Dalam kurun waktu yang sangat lama Raden Wijaya ingat akan kerabatnya yang diminta menetap di kampung Trawasan. Tanpa berfikir panjang beliau memerintah utusan (Perajurit) untuk mengunjungi kerabatnya. Sesampainya di Desa Trawasan utusan tersebut menyampaikan pesan dari Raden Wijaya yaitu Suryo tajem diangkat sebagai Akuwu/pimpinan/ kepala desa, sedangkan Ki Keling sebagai punggawa/sekertaris desa. Dalam kepemimpinanya kedua tokoh tersebut memimpin penduduk Desa Trawasan dengan sangat arif dan bijaksana.
Selain itu ada juga Prajurit Majapahit lain yang datang ke Trawasan. Beliau pernah nyantri (berguru untuk memperdalam ilmu agama Islam) kepada Syekh Ibrahim Asmoroqondi yang makamnya terletak di Desa Gesikharjo, Kecamatan Palang, Kabupaten Tuban. Perajurit tersebut bernama Raden Surodipo/Mustopo karyo alias Mbah Palang. Sampai pada akhirnya Raden Surodipo mempunyai keinginan yang kuat didalam hatinya untuk memeluk agama Islam dan beliau mengucapkan syahadat disaksikan para santri Syekh Ibrahim Asmoroqondi. Setelah sekian lama mempelajari ilmu agama Islam akhirnya beliau diutus oleh gurunya Syekh Asmoroqondi untuk berdakwah di daerah timur dari Bengawan Solo dan ditemani istrinya yang bernama Dewi Condro Wulan Sari.
Beliau sempat berhenti di Desa Keting yang dulunya merupakan bekas pelabuhan atau tempat lewatnya para wali.
Saat beliau selesai berhenti di pelabuhan beliau berdua melanjutkan kembali perjalanannya ke arah timur dan berhenti di antara 2 pohon besar yaitu pohon sono dan 2 bunga (Kampun Trawasan).
Kedatangannya diterima baik oleh mayarakat setempat. Masyarakat Trawasan pada saat itu masih kental dengan agama Hindu, Budha dan Kapitayan.

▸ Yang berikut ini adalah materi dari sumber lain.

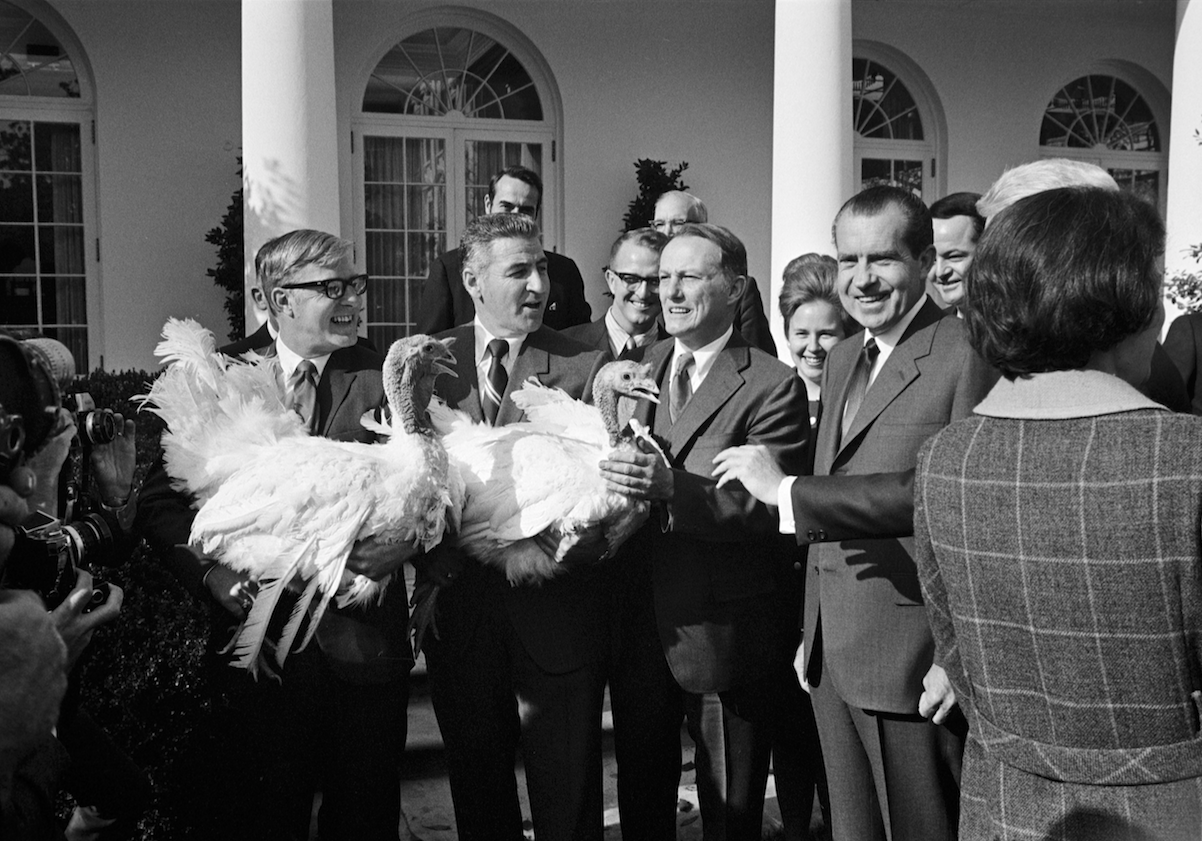 The White House did not explain why it was that the First Lady broke precedent to accept the birds, rather than her husband. Some speculated that it was due to his being scheduled at the same time to visit the Washington Redskins football team’s practice facility; a fanatical football fan, Nixon strongly rooted for his adopted city’s home team.

Pada saat itu agama Islam ada, akan tetapi belum banyak diminati dari kalangan kaum kawulo atau gusti. Agama Islam bisa berkembang begitu pesat di â–· Trawasan karena sikap Raden Surodipo yang sangat bijaksana. Pola metode dakwah yang dipakai sangat beragam salah satunya adalah dakwah secara lenient yakni secara lemah lembut dan memberikan kesenangan apa yang diinginkan oleh penduduk setempat. Dengan kepemimpinannya dalam setiap musyawarah mengemban misi yang sangat baik dan saling gotong royong.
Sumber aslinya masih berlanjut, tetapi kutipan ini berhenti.